[Stored entries]
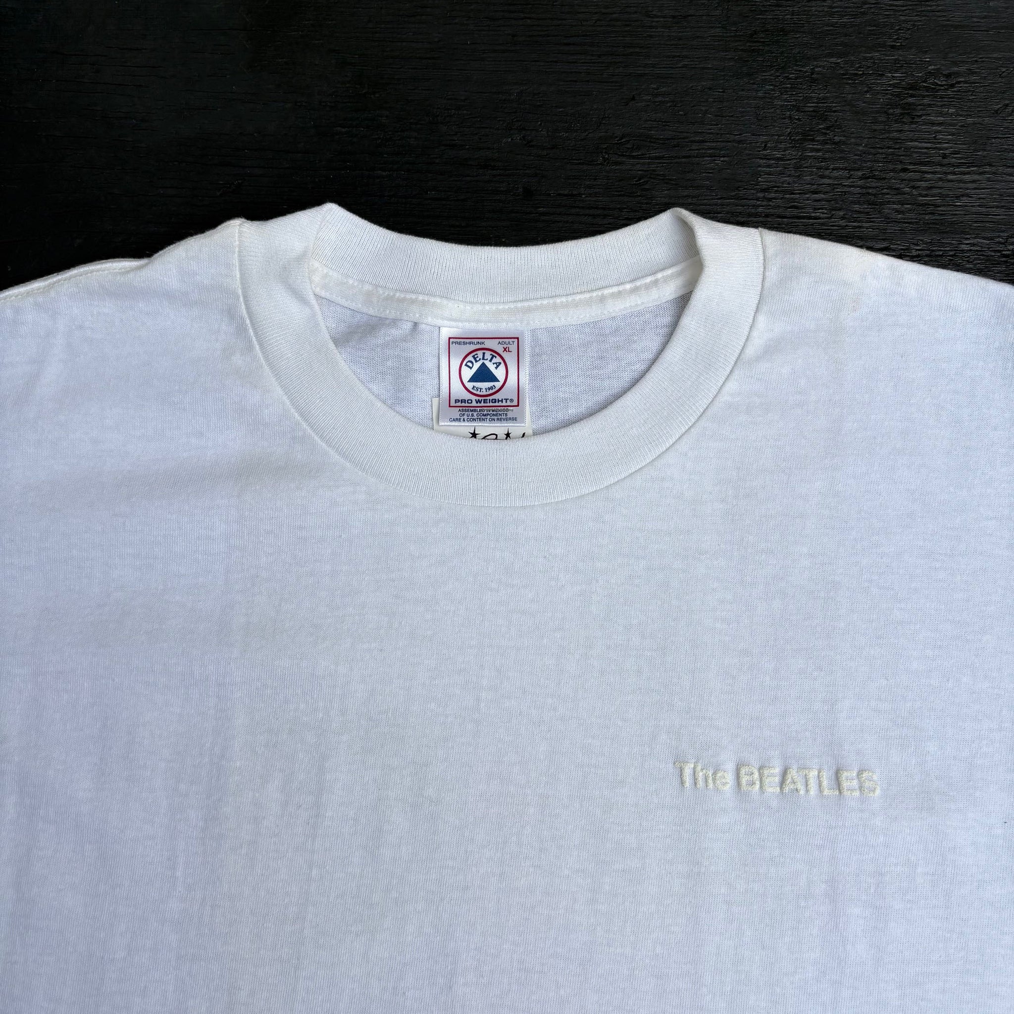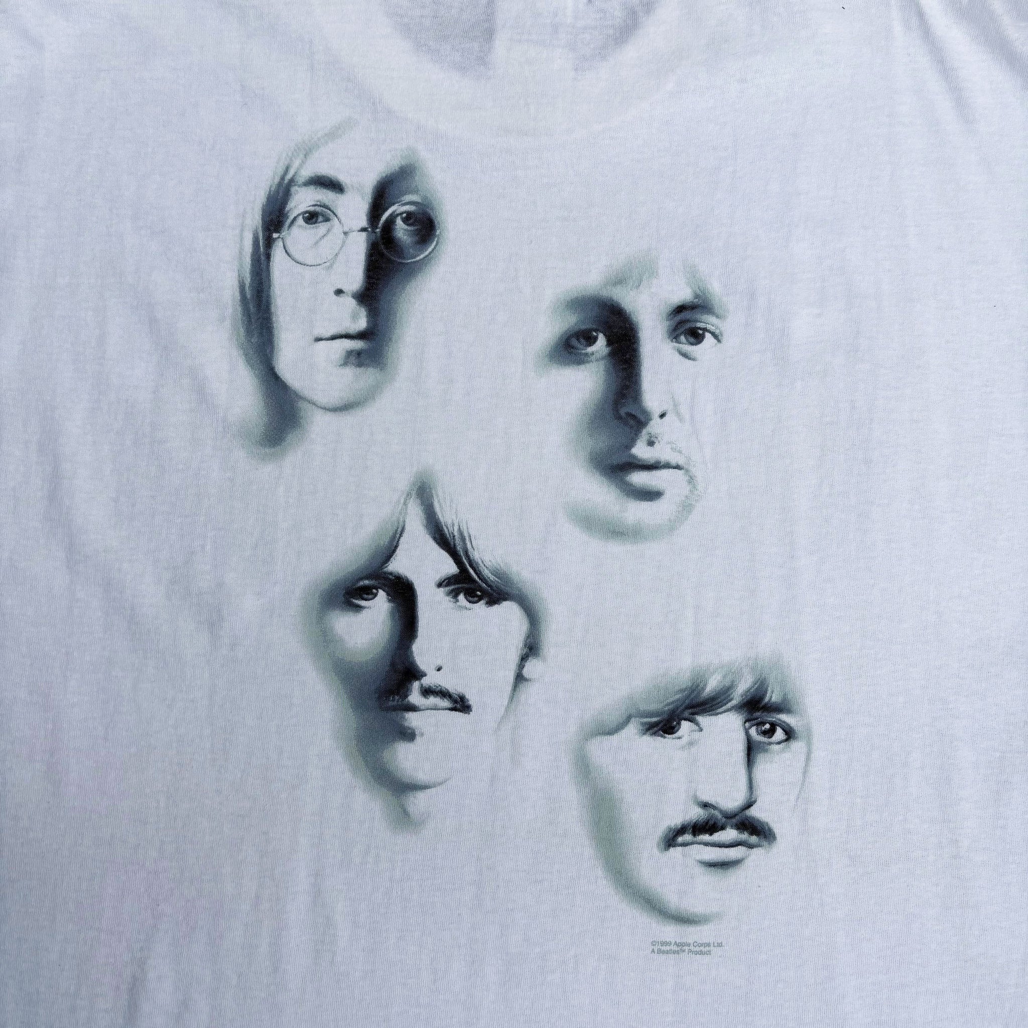 Crazy, original 1999 The Beatles band vintage t-shirt, Apple Corps Ltd licensed, in white cotton with graphic printed in white puffy ink on the chest and superb graphic on the back. Very rare shirt.
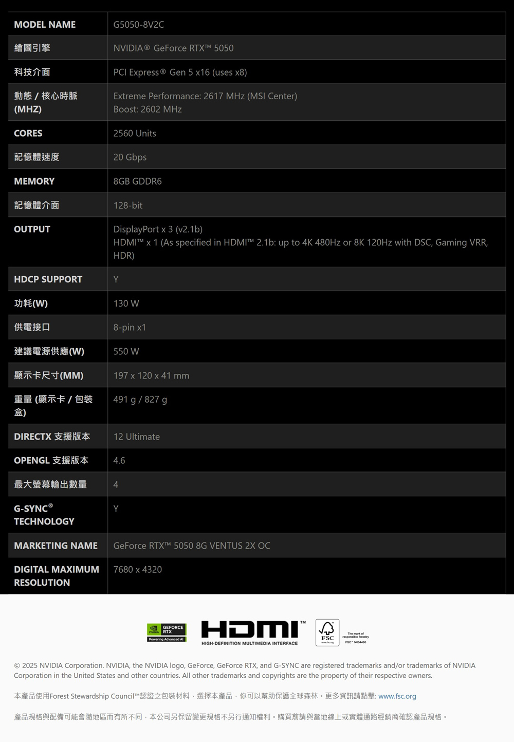 微星MSI RTX 5050 8G VENTUS 2X OC顯示卡
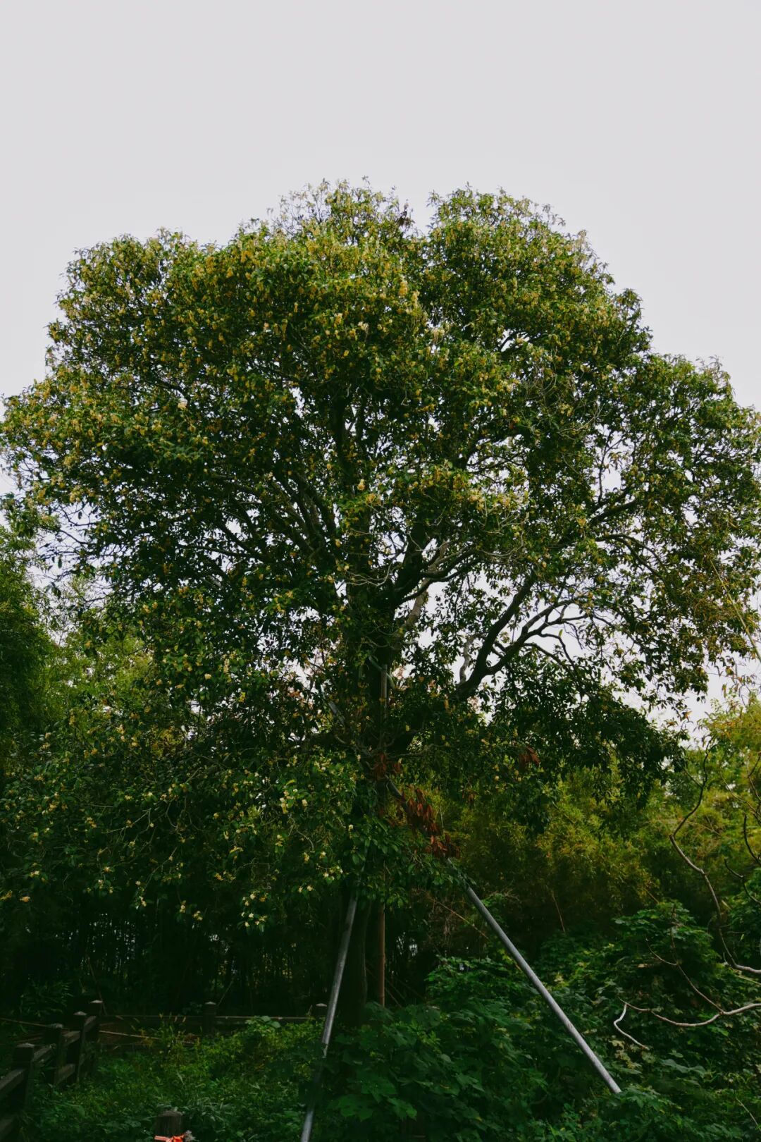 在卫季村,百年桂树枝繁叶茂,金黄花瓣缀满枝头,微风拂过,仿佛在静静诉说岁月故事。
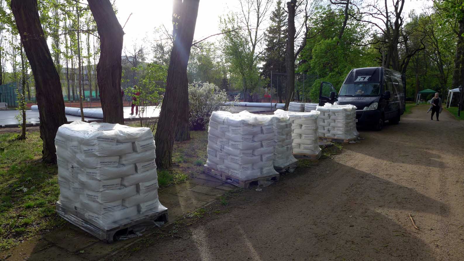 Nächster Schritt: Das Material für den Kunstrasen ist angeliefert.
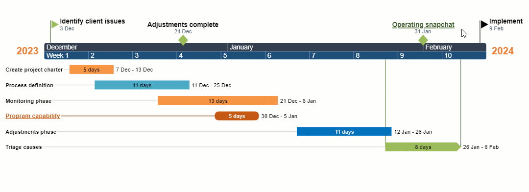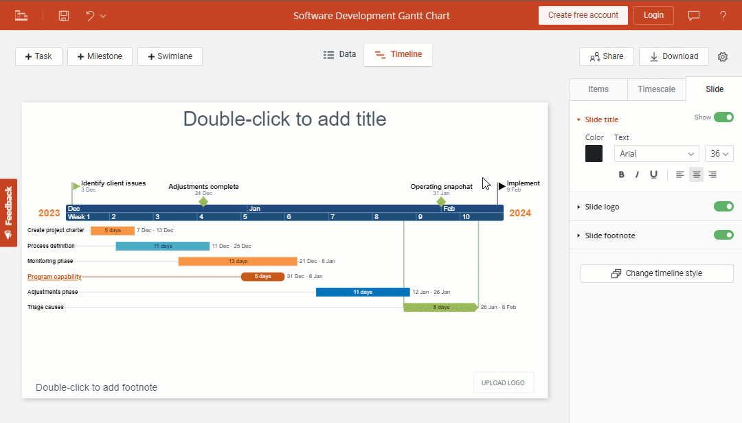 Office Timeline not only allows you to quickly make a Gantt chart online free of charge – adjusting and updating your visual is incredibly simple too. Using drag & drop, you can reposition any object or text, move the whole visual higher or lower on the slide, and even update task and milestone dates or change task durations.

_TRY IT_
The records above are to be duplicated exactly, pictures left out.

_WRITTEN RESPONSE_
 Crazy, original 1999 The Beatles band vintage t-shirt, Apple Corps Ltd licensed, in white cotton with graphic printed in white puffy ink on the chest and superb graphic on the back. Very rare shirt.
 微星MSI RTX 5050 8G VENTUS 2X OC顯示卡
 在卫季村,百年桂树枝繁叶茂,金黄花瓣缀满枝头,微风拂过,仿佛在静静诉说岁月故事。
 Nächster Schritt: Das Material für den Kunstrasen ist angeliefert.
 Office Timeline not only allows you to quickly make a Gantt chart online free of charge – adjusting and updating your visual is incredibly simple too. Using drag & drop, you can reposition any object or text, move the whole visual higher or lower on the slide, and even update task and milestone dates or change task durations.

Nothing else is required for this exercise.